26 Jun 2024 | Richard Yuanzhe Pang, Weizhe Yuan, Kyunghyun Cho, He He, Sainbayar Sukhbaatar, Jason Weston
This paper introduces an iterative approach to optimize the preference between competing Chain-of-Thought (CoT) candidates, focusing on improving reasoning tasks. The method, called Iterative Reasoning Preference Optimization (Iterative RPO), uses a modified DPO loss with an additional negative log-likelihood (NLL) term to train the model. Each iteration generates multiple CoT steps and answers for training prompts, constructs preference pairs based on the correctness of the final answers, and trains the model using these pairs.
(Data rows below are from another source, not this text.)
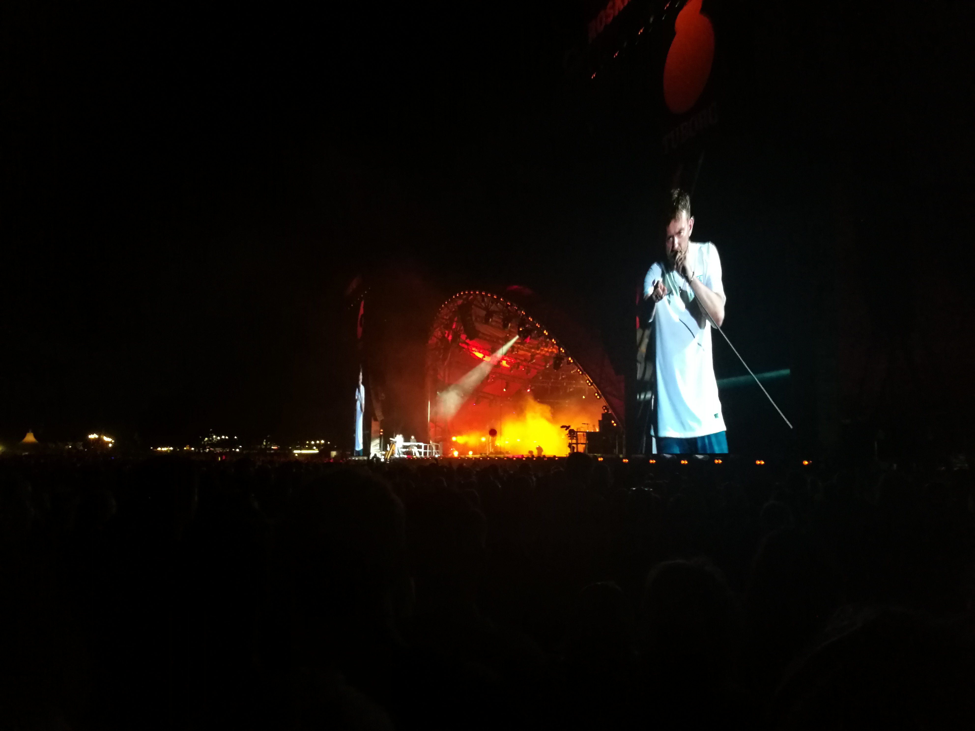 Damon Albarn est un habitué du festival. Parmi ses différents projets, notamment Blur et Gorillaz, c’est aujourd’hui sa huitième prestation sur une scène du Roskilde. L’Anglais est un artiste complet qui ne cesse de développer ses idées. Gorillaz est son terrain de jeu et lui permet de faire ses expériences musicales et visuelles, car le spectacle se regarde autant avec les yeux qu’avec les oreilles. La chorale qui l’accompagne est au top, les musiciens aussi. Damon Albarn est affublé d’un maillot des ‘Three Lions’, suite à la victoire des Anglais à la coupe du monde. Le concert est génial, la qualité du groupe est assez incroyable, ce qui justifie sa présence sur la scène musicale depuis maintenant vingt ans. La setlist est bien garnie et après quelques titres de leur dernier album, ‘Humanz’, viennent les tubes de Gorillaz, comme ‘Feel Good Inc.’, ‘Stylo’, ‘On Melancholy Hill’ et ‘Kids with Guns’. Arrive alors la fin du concert avec le titre ‘Clint Eastwood’, la chanson qui a fait connaitre le groupe au début du XXIème siècle. Et le moins que l’on puisse dire, c’est qu’on s’en souviendra ! En effet, lors du premier couplet, Del the Funky Homosapien, le rappeur accompagnant Damon Albarn sur ce titre, fait une très brève apparition sur scène. Au beau milieu de son texte, pouf ! Plus rien. Del a disparu sans un bruit et le groupe est confus. Après une minute, Damon reprend : ‘Désolé, pour cette coupure, mais on a dû s’arrêter parce que … je ne sais pas.’ Nous apprenons ensuite que Del est tombé de la scène, et doit se rendre à l’hôpital. Heureusement pour lui, tout va bien et il sera bientôt sur pieds. La chute du festival prend donc une drôle de tournure.
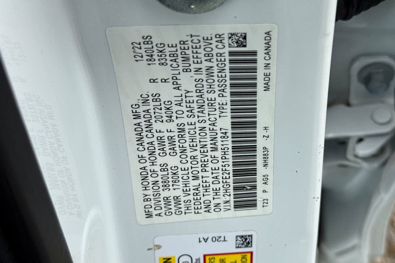 VIN: 2HGFE2F51PH511847
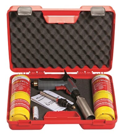 Vulcane brennerkoffert med Express 472 brenner. Koffert leveres komplett med 2 stk. MAPP flasker, syklon brenner, varmlufts brenner og ekstra piezo tenner. Varmlufts brenner må kun brukes med MAPP gass.
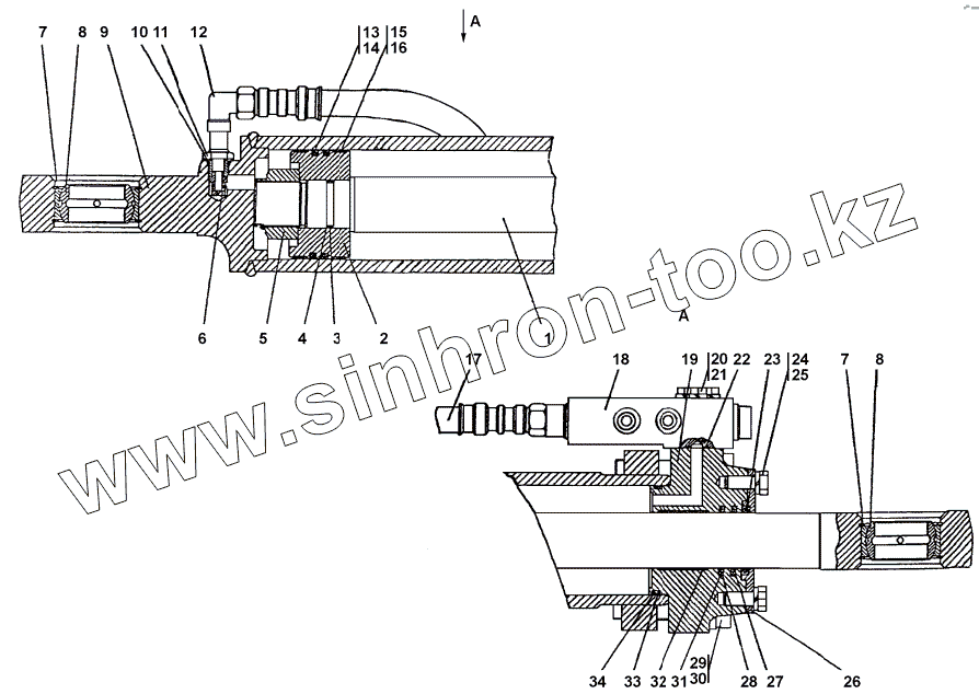 Каталог запасных частей к технике: Промтрактор ТГ-221Я. 312001-26-50-02СП Гидроцилиндр
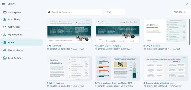 By uploading to your company space in the Grunt Library, your teammates and others in the company will have access to frequently used templates and other objects making your everyday work with presentations more streamlined and enjoyable.
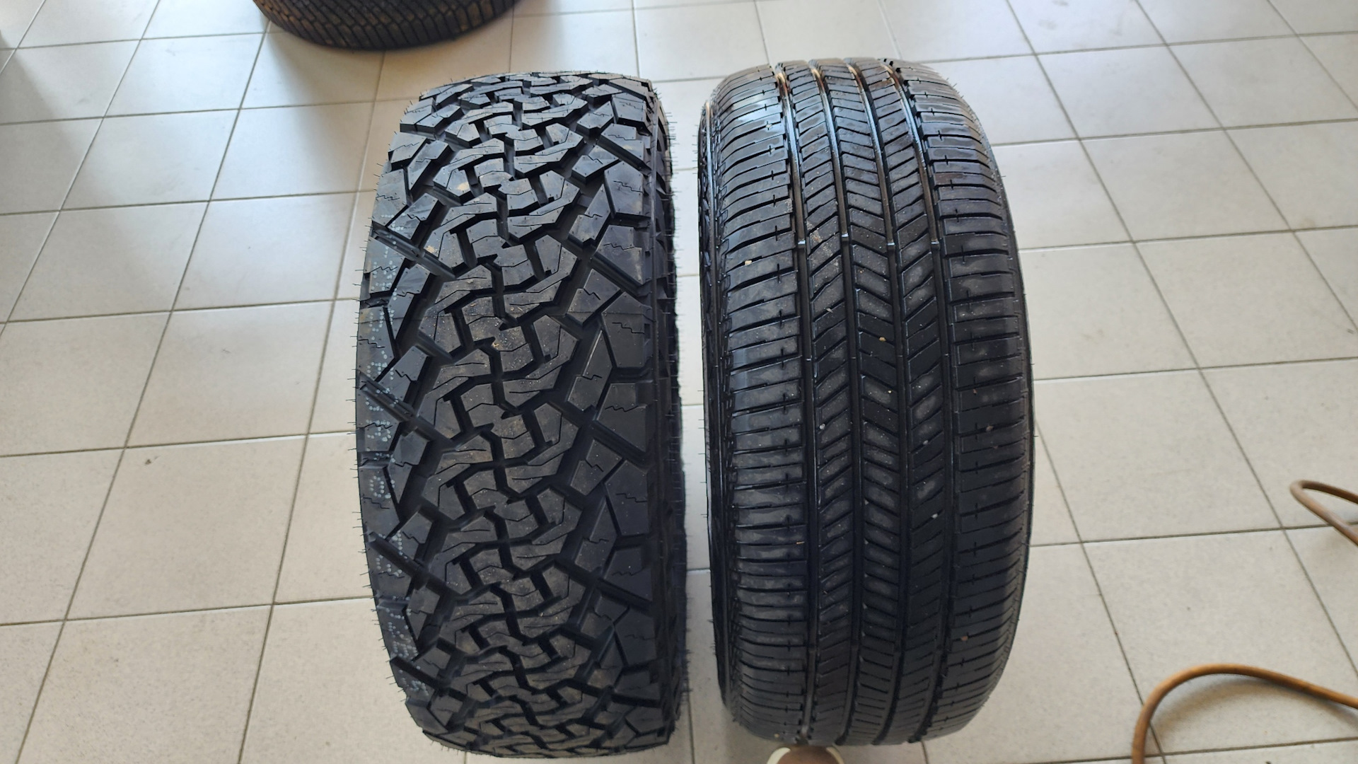 На родных шинах скользил по мокрой грунтовке с лужами, вот и решил взять AT.
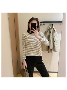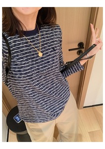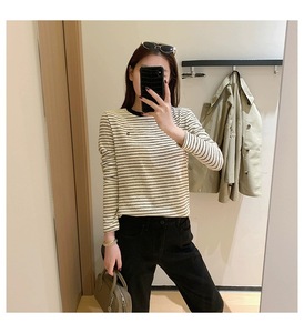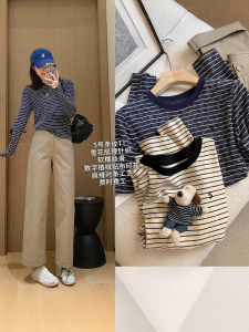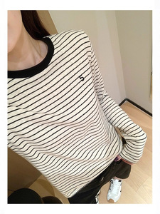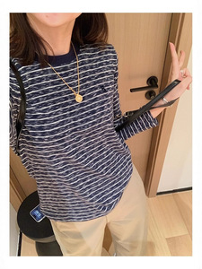 大叮自制5号条纹T!雪花肌理植绒贴布撞色长袖T恤早秋软糯轻薄上衣

The process is repeated, improving reasoning performance over multiple iterations. The approach outperforms various baselines, including zero-shot CoT, supervised fine-tuning (SFT), and standard DPO, on datasets such as GSM8K, MATH, and ARC-Challenge. The NLL loss term is crucial for performance, as demonstrated through ablations and analysis of training sequence probabilities. The method is simple, efficient, and effective in enhancing the reasoning capabilities of large language models (LLMs).This paper introduces an iterative approach to optimize the preference between competing Chain-of-Thought (CoT) candidates, focusing on improving reasoning tasks. The method, called Iterative Reasoning Preference Optimization (Iterative RPO), uses a modified DPO loss with an additional negative log-likelihood (NLL) term to train the model. Each iteration generates multiple CoT steps and answers for training prompts, constructs preference pairs based on the correctness of the final answers, and trains the model using these pairs. The process is repeated, improving reasoning performance over multiple iterations. The approach outperforms various baselines, including zero-shot CoT, supervised fine-tuning (SFT), and standard DPO, on datasets such as GSM8K, MATH, and ARC-Challenge. The NLL loss term is crucial for performance, as demonstrated through ablations and analysis of training sequence probabilities. The method is simple, efficient, and effective in enhancing the reasoning capabilities of large language models (LLMs).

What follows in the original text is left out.